▶ Task statement:
Reproduce the entries word for word, and omit any picture you find in them.

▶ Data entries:

⁂

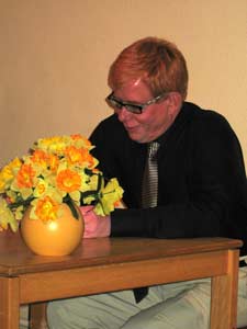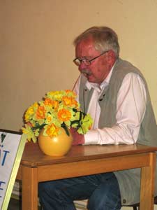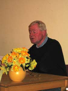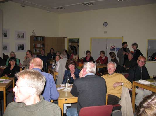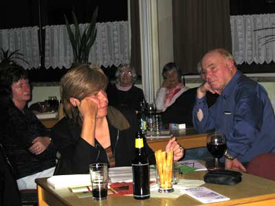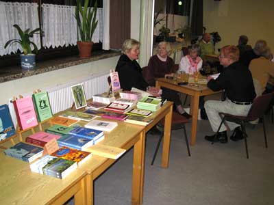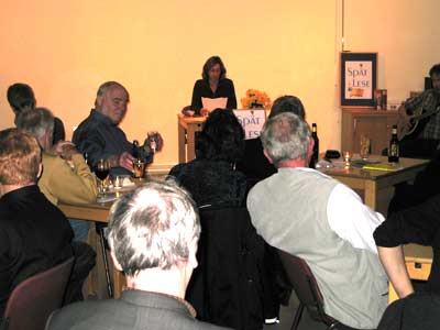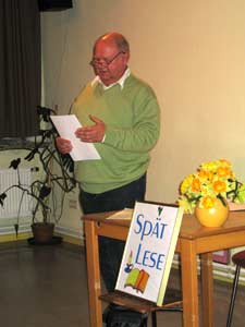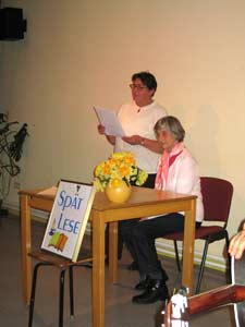 | Elfi Bock mit biographischen Zeilen zum Thema Makula-Degeneration. | Karsten Meyer mit seinem Männer-Gedicht |
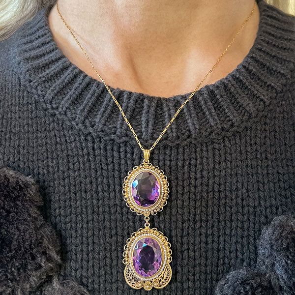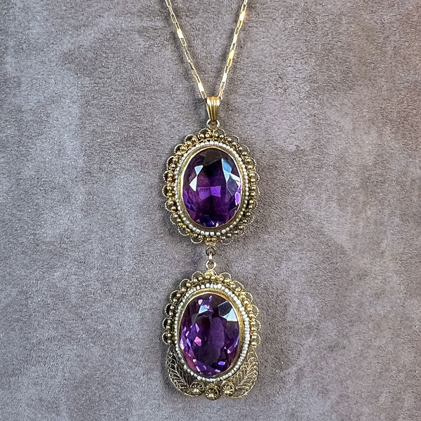 Measuring approx. 2 5/8 inches in length, set with two oval faceted amethysts measuring approx. 27 x 13mm, framed by seed pearls on wire and within cannetille frames, fashioned in 14k yellow gold. Stamped 14K. On a rectangular link chain, measuring approx. 1mm wide, fashioned in 14k yellow gold. Stamped 14k milor. Length 18 inches.
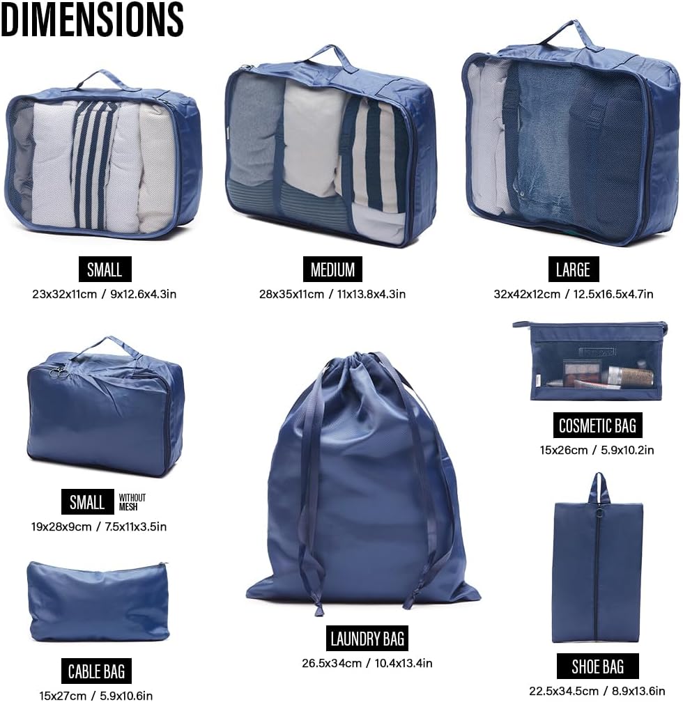 Lilito 8 Set Packing Cubes For Travel, Suitcase Organizer Lightweight, Travel Essentials for Carry on, Luggage Organizer Bag Accessories, Bag and Suitcase, Multi-Size, Double Zipper Design (Blue)
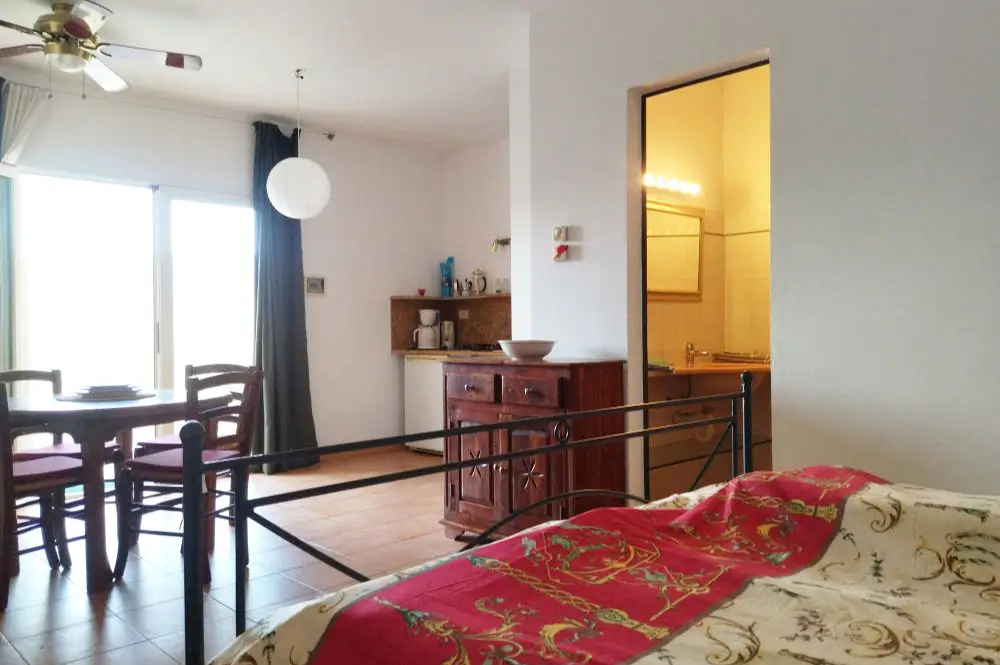 Apartment Carlo ist eines dieser Appartements, liegt Meerseitig, ist ebenerdig zu begehen und ist komplett ausgestattet. Auf ca. 30 qm befinden sich eine Wohnessküche mit zweiflammigem Kochfeld, Spüle und Kühlschrank, ein Doppelbett, ein Badezimmer mit WC, Bidet und Dusche und Deckenventilator. Vor dem Apartment befindet sich eine kleine Terrasse zum Ausruhen, Essen, Sonnen und Zusammensitzen.
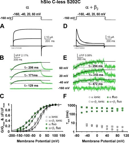 The beta(2) subunit of the large conductance Ca(2+)- and voltage-activated K(+) channel (BK(Ca)) modulates a number of channel functions, such as the apparent Ca(2+)/voltage sensitivity, pharmacological and kinetic properties of the channel. In addition, the N terminus of the beta(2) subunit acts as an inactivating particle that produces a relatively fast inactivation of the ionic conductance. Applying voltage clamp fluorometry to fluorescently labeled human BK(Ca) channels (hSlo), we have investigated the mechanisms of operation of the beta(2) subunit. We found that the leftward shift on the voltage axis of channel activation curves (G(V)) produced by coexpression with beta(2) subunits is associated with a shift in the same direction of the fluorescence vs. voltage curves (F(V)), which are reporting the voltage dependence of the main voltage-sensing region of hSlo (S4-transmembrane domain). In addition, we investigated the inactivating mechanism of the beta(2) subunits by comparing its properties with the ones of the typical N-type inactivation process of Shaker channel. While fluorescence recordings from the inactivated Shaker channels revealed the immobilization of the S4 segments in the active conformation, we did not observe a similar feature in BK(Ca) channels coexpressed with the beta(2) subunit. The experimental observations are consistent with the view that the beta(2) subunit of BK(Ca) channels facilitates channel activation by changing the voltage sensor equilibrium and that the beta(2)-induced inactivation process does not follow a typical N-type mechanism.
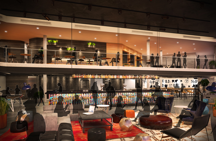 The lobby at the Sir Adam Hotel in Amsterdam, which is slated to open this fall, will have a living room-like lobby that will serve as the cultural hub of the building and the neighborhood. ICRAVE is designing the property. (Photo: ICRAVE)
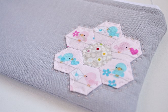 It’s not the first time I’ve fussy cut hexagons (fussy cut is basically picking a certain pattern on the fabric that you want to be your hexagon, it looks really effective but is quite wasteful, don’t forget to add 1/4inch seam allowance around the hexagon.) but the pieces have always been too big for the projects I have in mind. I do have a pack of 1/2 inch hexies but was a little put off at how small they were and how fiddly it would be! However when the hexies are this small there is only one thing for it a fabric glue pen! Just a little dab of the glue in each corner holds it in place, it does make it a little less fiddly.
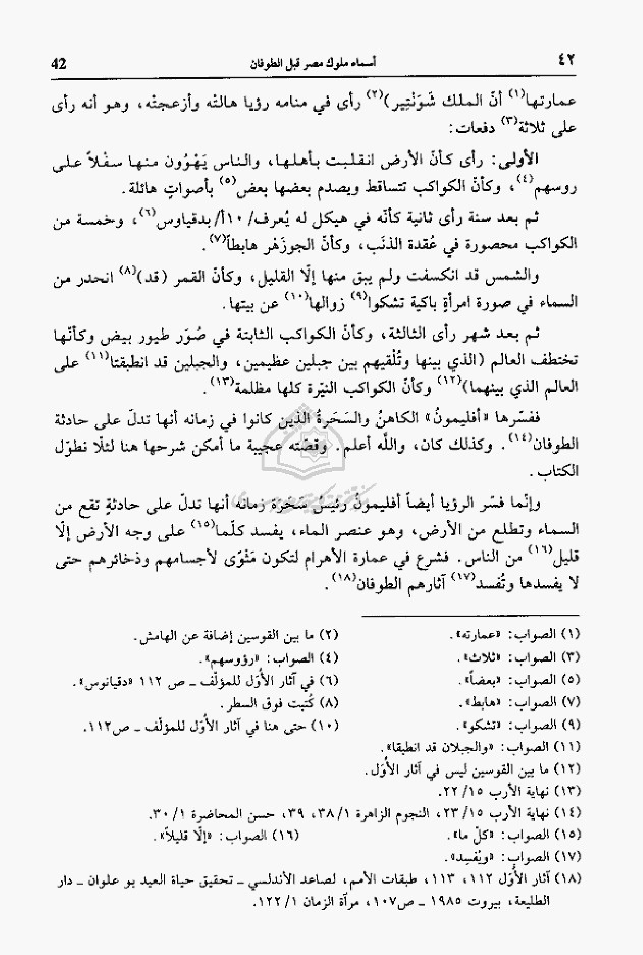 وإنّما فسّر الرؤيا أيضا أفليمون رئيس سحرة زمانه أنها تدلّ على حادثة تقع من السماء وتطلع من الأرض، وهو عنصر الماء، يفسد كلّما (¬15) على وجه الأرض إلاّ قليل (¬16) من الناس. فشرع في عمارة الأهرام لتكون مثوى لأجسامهم وذخائرهم حتى لا يفسدها وتفسد (¬17) آثارهم الطوفان (¬18).
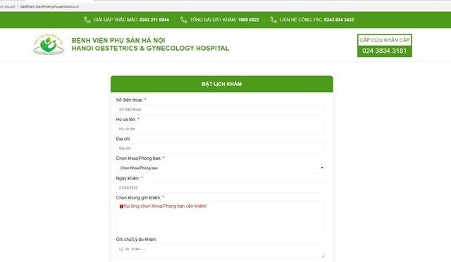 Để đặt được lịch khám qua Website bạn chỉ cần truy cập vào trang web của Bệnh viện Phụ sản Hà Nội. Sau đó kích vào mục đặt lịch khám ở góc bên tay phải màn hình. Cuối cùng là điền đầy đủ thông tin vào bảng và xác nhận đặt lịch hẹn.
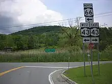 New York State Route 66 (NY 66) is a state highway in the Capital District of New York in the United States. The route begins at an intersection with US 9 and NY 23B in the Columbia County city of Hudson and ends at a junction with NY 2 in the Rensselaer County city of Troy. While both Hudson and Troy are located on the Hudson River, NY 66 follows a more inland routing between the two locations to serve several rural villages and hamlets, including Chatham and Sand Lake. NY 66 overlaps with U.S. Route 20 (US 20) and NY 43, two regionally important east–west highways, in Nassau and Sand Lake, respectively.
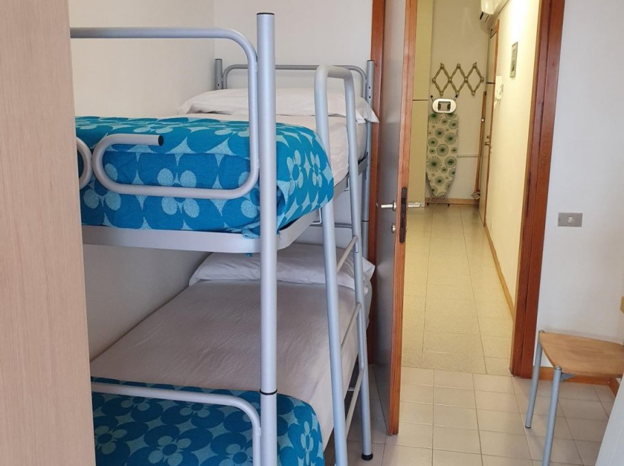 Type D: 6 persons - Apartment on the 2nd floor consists of a double bedroom, a room with two beds, a room with a bunk bed and terrace (no sea view) with table and chairs, bathroom with shower box, living room with a television with satellite connection, balcony (no sea view) and kitchenette with refrigerator from 240 lt (separate freezer) and washing machine.

⁂

▶ Solution to the exercise:
 | Elfi Bock mit biographischen Zeilen zum Thema Makula-Degeneration. | Karsten Meyer mit seinem Männer-Gedicht |
 Measuring approx. 2 5/8 inches in length, set with two oval faceted amethysts measuring approx. 27 x 13mm, framed by seed pearls on wire and within cannetille frames, fashioned in 14k yellow gold. Stamped 14K. On a rectangular link chain, measuring approx. 1mm wide, fashioned in 14k yellow gold. Stamped 14k milor. Length 18 inches.
 Lilito 8 Set Packing Cubes For Travel, Suitcase Organizer Lightweight, Travel Essentials for Carry on, Luggage Organizer Bag Accessories, Bag and Suitcase, Multi-Size, Double Zipper Design (Blue)
 Apartment Carlo ist eines dieser Appartements, liegt Meerseitig, ist ebenerdig zu begehen und ist komplett ausgestattet. Auf ca. 30 qm befinden sich eine Wohnessküche mit zweiflammigem Kochfeld, Spüle und Kühlschrank, ein Doppelbett, ein Badezimmer mit WC, Bidet und Dusche und Deckenventilator. Vor dem Apartment befindet sich eine kleine Terrasse zum Ausruhen, Essen, Sonnen und Zusammensitzen.
 The beta(2) subunit of the large conductance Ca(2+)- and voltage-activated K(+) channel (BK(Ca)) modulates a number of channel functions, such as the apparent Ca(2+)/voltage sensitivity, pharmacological and kinetic properties of the channel. In addition, the N terminus of the beta(2) subunit acts as an inactivating particle that produces a relatively fast inactivation of the ionic conductance. Applying voltage clamp fluorometry to fluorescently labeled human BK(Ca) channels (hSlo), we have investigated the mechanisms of operation of the beta(2) subunit. We found that the leftward shift on the voltage axis of channel activation curves (G(V)) produced by coexpression with beta(2) subunits is associated with a shift in the same direction of the fluorescence vs. voltage curves (F(V)), which are reporting the voltage dependence of the main voltage-sensing region of hSlo (S4-transmembrane domain). In addition, we investigated the inactivating mechanism of the beta(2) subunits by comparing its properties with the ones of the typical N-type inactivation process of Shaker channel. While fluorescence recordings from the inactivated Shaker channels revealed the immobilization of the S4 segments in the active conformation, we did not observe a similar feature in BK(Ca) channels coexpressed with the beta(2) subunit. The experimental observations are consistent with the view that the beta(2) subunit of BK(Ca) channels facilitates channel activation by changing the voltage sensor equilibrium and that the beta(2)-induced inactivation process does not follow a typical N-type mechanism.
 The lobby at the Sir Adam Hotel in Amsterdam, which is slated to open this fall, will have a living room-like lobby that will serve as the cultural hub of the building and the neighborhood. ICRAVE is designing the property. (Photo: ICRAVE)
 It’s not the first time I’ve fussy cut hexagons (fussy cut is basically picking a certain pattern on the fabric that you want to be your hexagon, it looks really effective but is quite wasteful, don’t forget to add 1/4inch seam allowance around the hexagon.) but the pieces have always been too big for the projects I have in mind. I do have a pack of 1/2 inch hexies but was a little put off at how small they were and how fiddly it would be! However when the hexies are this small there is only one thing for it a fabric glue pen! Just a little dab of the glue in each corner holds it in place, it does make it a little less fiddly.
 وإنّما فسّر الرؤيا أيضا أفليمون رئيس سحرة زمانه أنها تدلّ على حادثة تقع من السماء وتطلع من الأرض، وهو عنصر الماء، يفسد كلّما (¬15) على وجه الأرض إلاّ قليل (¬16) من الناس. فشرع في عمارة الأهرام لتكون مثوى لأجسامهم وذخائرهم حتى لا يفسدها وتفسد (¬17) آثارهم الطوفان (¬18).
 Để đặt được lịch khám qua Website bạn chỉ cần truy cập vào trang web của Bệnh viện Phụ sản Hà Nội. Sau đó kích vào mục đặt lịch khám ở góc bên tay phải màn hình. Cuối cùng là điền đầy đủ thông tin vào bảng và xác nhận đặt lịch hẹn.
 New York State Route 66 (NY 66) is a state highway in the Capital District of New York in the United States. The route begins at an intersection with US 9 and NY 23B in the Columbia County city of Hudson and ends at a junction with NY 2 in the Rensselaer County city of Troy. While both Hudson and Troy are located on the Hudson River, NY 66 follows a more inland routing between the two locations to serve several rural villages and hamlets, including Chatham and Sand Lake. NY 66 overlaps with U.S. Route 20 (US 20) and NY 43, two regionally important east–west highways, in Nassau and Sand Lake, respectively.
 Type D: 6 persons - Apartment on the 2nd floor consists of a double bedroom, a room with two beds, a room with a bunk bed and terrace (no sea view) with table and chairs, bathroom with shower box, living room with a television with satellite connection, balcony (no sea view) and kitchenette with refrigerator from 240 lt (separate freezer) and washing machine.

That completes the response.